Telemetry must not become the hidden way subsystems command each other. It reports. Subsystems own mitigation.

### Too Much Hot-Path Cost

Render and callback paths need cheap writes. Use bounded structures and avoid expensive formatting on hot paths.

### String-Only Logging

Centralizing strings is not enough.

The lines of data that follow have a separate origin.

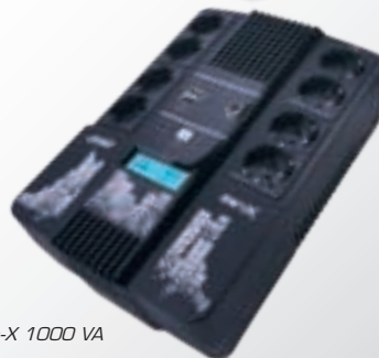
Zen-X 1000 VA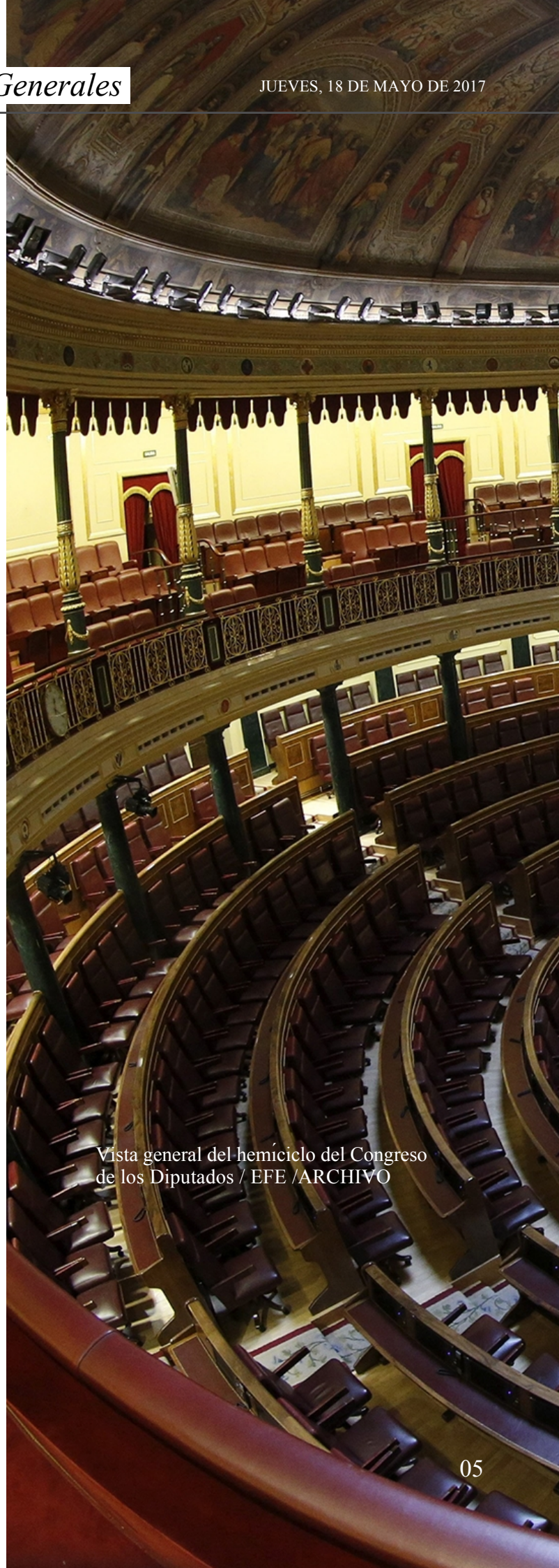
Vista general del hemiciclo del Congreso de los Diputados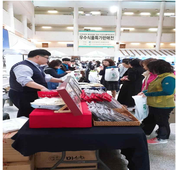
<2019년 진행한 인천우수식품특별판매전 사진 >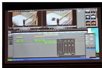
動画作成ワークショップ(動画編集)

本事業で開発した製品は、地場産品製造事業者のアウトドア分野における需要を掘り起こす製品として期待できます。また、販売促進のための動画作成は、参加者の動画作成の知識と技術への理解を深め、今後の地場産品製造業の認知度向上や地場産品の販売促進など、地域経済の活性化が期待できます。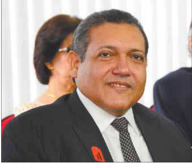
Desembargador respondeu sobre vários assuntos em mais de 10 horas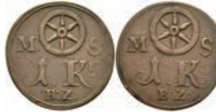
5469 Brückenzollmarke zu 1 Kreuzer, Kupfer, o.J. (18./19. Jh.). Av: Rad zwischen "M - S", darunter 1. Kr. / B:Z:". Rev: Gleich Avers. Slg. Walther 784, ss. 30,—

Severity, subsystem, category, and structured fields should be first-class.

### Snapshot Bloat

Health snapshots should summarize operational state, not duplicate full runtime/project state.

### Alert Noise

Without deduplication and severity discipline, operator-facing health can become noisy and ignored.

## Phase 8 Exit Criteria

Phase 8 can be considered complete once the project can say:

- [ ] major subsystems publish structured health/telemetry observations
- [ ] active warnings and recent logs are structured and bounded
- [ ] subsystem health states roll up to an overall health state
- [ ] render/backend/control/persistence timing metrics are named and visible
- [ ] direct debug-string warning paths are wrapped or retired for major cases
- [ ] UI/control diagnostics can consume a stable health snapshot
- [ ] telemetry write paths are cheap enough for render/callback use
- [ ] telemetry behavior has focused tests

## Open Questions

- Should debug output remain enabled by default as a telemetry sink?
- How many recent logs/warnings should be retained in memory?
- Should timing summaries store raw samples, rolling windows, or both?
- Should warning thresholds be declared centrally or owned by each subsystem?
- Should health snapshots be published with runtime state or on a separate endpoint/channel?
- Should logs eventually be written to disk, and if so, through Phase 6 persistence infrastructure or a separate log sink?

## Short Version

Phase 8 should make the app diagnosable.

Subsystems report structured observations. `HealthTelemetry` records bounded logs, warnings, counters, gauges, timing, and subsystem states. UI and diagnostics consume stable health snapshots. Debug strings become a sink, not the source of truth.